Mid-level health workers (MLHWs) form the front-line of service delivery in many low- and middle-income countries. Supervision is a critical institutional intervention linking their work to the health system, and it consists of activities intended to support health workers’ motivation and enable them to perform. However its impact depends not only on the frequency of these activities but also how they are carried out and received. This study aims to deepen understanding of the mechanisms through which supervision activities support the performance of auxiliary nurses, a cadre of MLHWs, in rural Guatemala.
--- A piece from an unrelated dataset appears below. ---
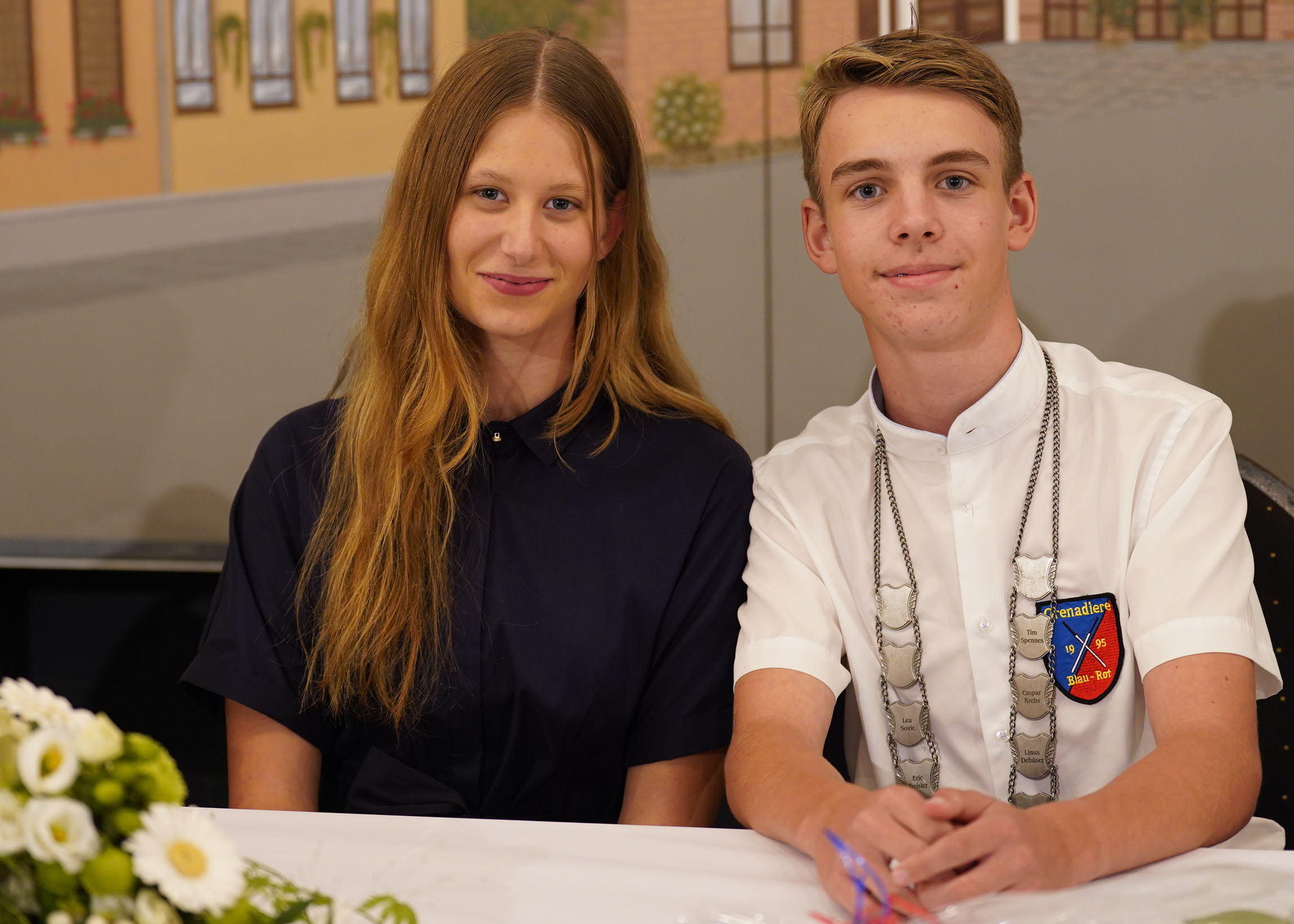 Wappen, Bühnenbild, Schützenbaum, Fahnen, Standarte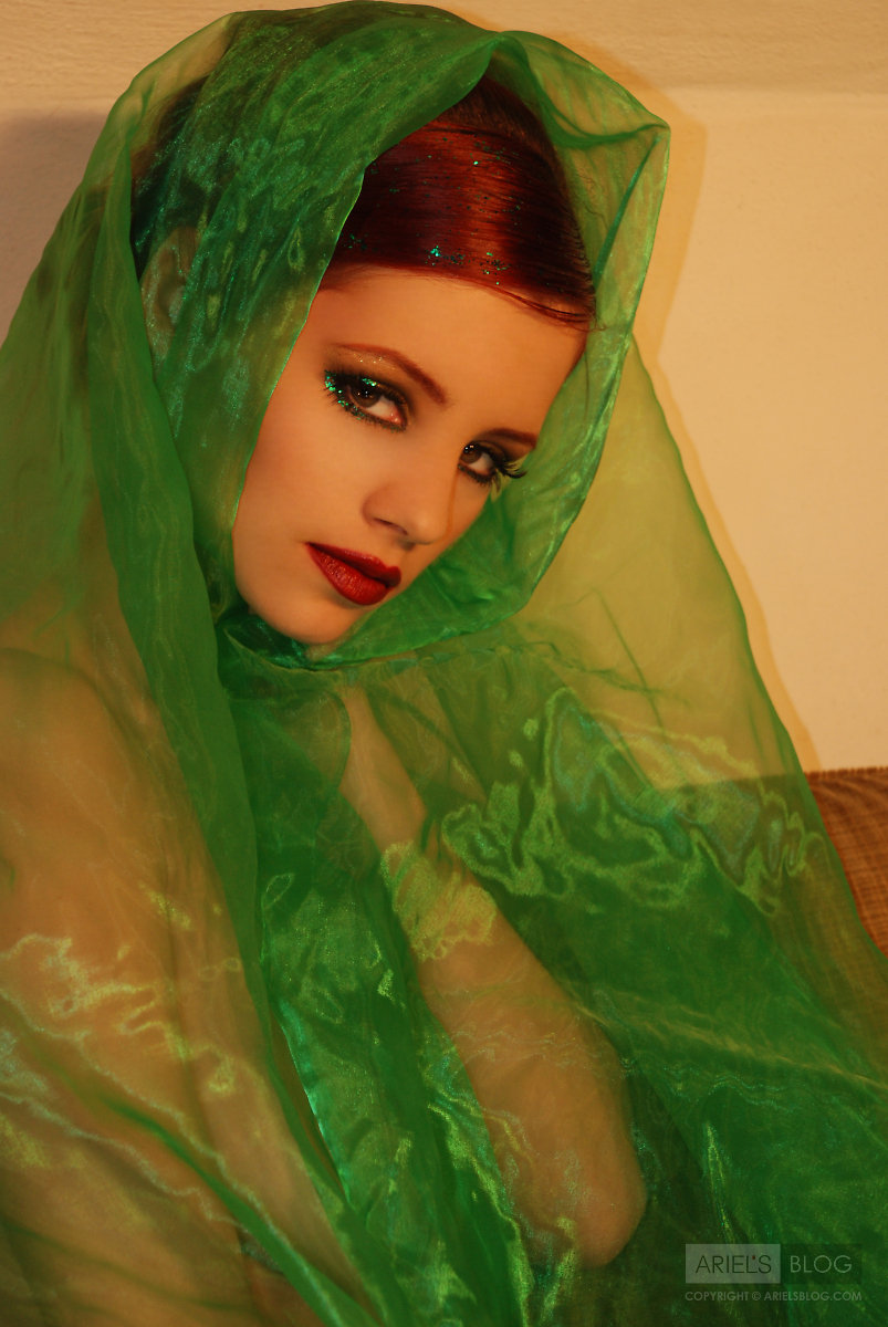 Sexy redhead honey Gabrielle Lupin in green silk veil showing her great bazookas.

A multiple case study was conducted to examine the operation of supervision of five health posts using a realist evaluation approach. A program theory was formulated describing local understanding of how supervision activities are intended to work. Data was collected through interviews and document review to test the theory. Analysis focused on comparison of activities, outcomes, mechanisms and the influence of context across cases, leading to revision of the program theory.
The supervisor’s orientation was identified as the main mechanism contributing to variation observed in activities and their outcomes. Managerial control was the dominant orientation, reflecting the influence of standardized performance criteria and institutional culture. Humanized support was present in one case where the auxiliary nurse was motivated by the sense that the full scope of her work was valued. This orientation reflected the supervisor’s integration of her professional identity as a nurse.
The nature of the support health workers received was shaped by supervisors’ orientation, and in this study, nursing principles were central to humanized support. Efforts to strengthen the support that supervision provides to MLHWs should promote professional ethos as a means of developing shared performance goals and orient supervisors to a more holistic view of the health worker and their work.